I have been paedo now for like 3 months and was convinced based on all the NT evidence and the so close resemblance of circumcision, but like so many others i was looking at the sign instead of why a covenant sign was given in the first place. Now I realize thee reason. I know it has been obvious to the rest of you but it just hit me tonight(it probably took me this long since I came out of dispensationalism)

It is that we are Abraham's children so obviously we continue in administering the sign as it was commanded of Abraham!!!!

a sign of an everlasting covenant of promise made of God being the God to you and your children.....
and then both circumcision and baptism fit with Romans 2:25-28 wooooo!!!!

Oh and by the way, I am not trying to teach you guys anything, you already knew this, I just can't believe I was that slow, I must have read that point several times but it just never hit me lol.


----------



## charliejunfan (Nov 4, 2008)

do you guys think that since faith is circumcision of the heart to us that in a way its kind of like Abraham is circumcising us, since he was the reciever of the promise? or is that tooo far?


----------



## turmeric (Nov 4, 2008)

Wouldn't go that far, personally. Congrats on the lightbulb-moment, though!


----------



## Semper Fidelis (Nov 4, 2008)

I agree with Meg. Abraham is given the honor of being designated the father of the faithful but, even as as the administrator of circumcision to his own he was acting as a "minister" of the Covenant of Grace. He did not impart faith or infuse grace into his household but announced the promise of God to save and instructed his household that the cutting of the flesh signified God's promise to save those who had faith.

Being sons of Abraham has two senses even as being in Israel has two senses in Romans 9. In fact, Abraham, Isaac, and Jacob form a Covenantal unit in one sense so that the family itself represents the personal nature of the CoG to save a household of faith. There is both the sense of being externally united to this household and having the same promises announced that are received with faith and then there is the sense of really being sons of Abraham (or of Israel as it were) for those that actually possess Christ through grace by faith. 

When we are baptized, we are brought into the household of faith - regardless of ours or others knowledge of our real possession of faith (since God only knows). The point is, however, that the children in the household are taught the house rules and that this house trusts in the Lord and we're expected to be like our fathers who trusted the Lord alone and did not consider friendship with this world a thing to be grasped. Hebrews 11 is a picture of the inside of that household with a panorama of pictures as it were that remind us what faith in that house is like and how it lays hold of Christ.

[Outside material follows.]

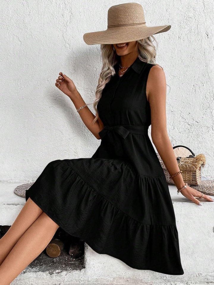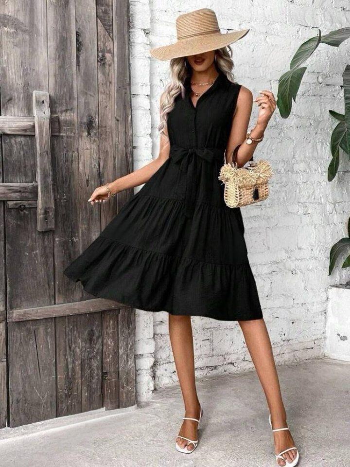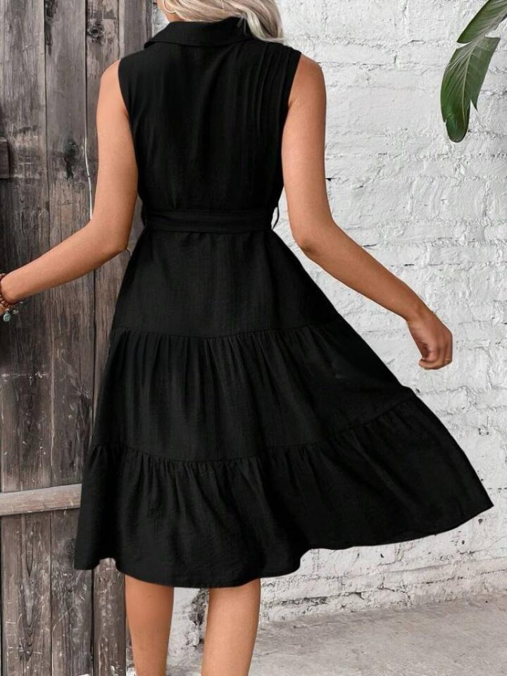 Kadın Sıfır Kollu Gömlek Yaka Düğmeli Beli Kuşaklı Katlı Dokuma Midi Elbise

Hence, as in Romans 4, we are able to connect our baptism and the promises therein all the way back to believing Abraham and see how our father believed that life could come from death. We see what faith in Christ produces. We see how it clings in the most trying of circumstances. We see how powerfully the sign not only encourages but seals true believers against all the storms and trials of this world.

I'm not sure how adequately I phrased it but this is my appreciation for Abraham as my father. I'm not saved by him but, just like my son is looking to me and how I turn to Christ through thick and thin, I look down a vast hallway of my fathers and, especially, to my father Abraham.


----------



## charliejunfan (Nov 4, 2008)

well said


----------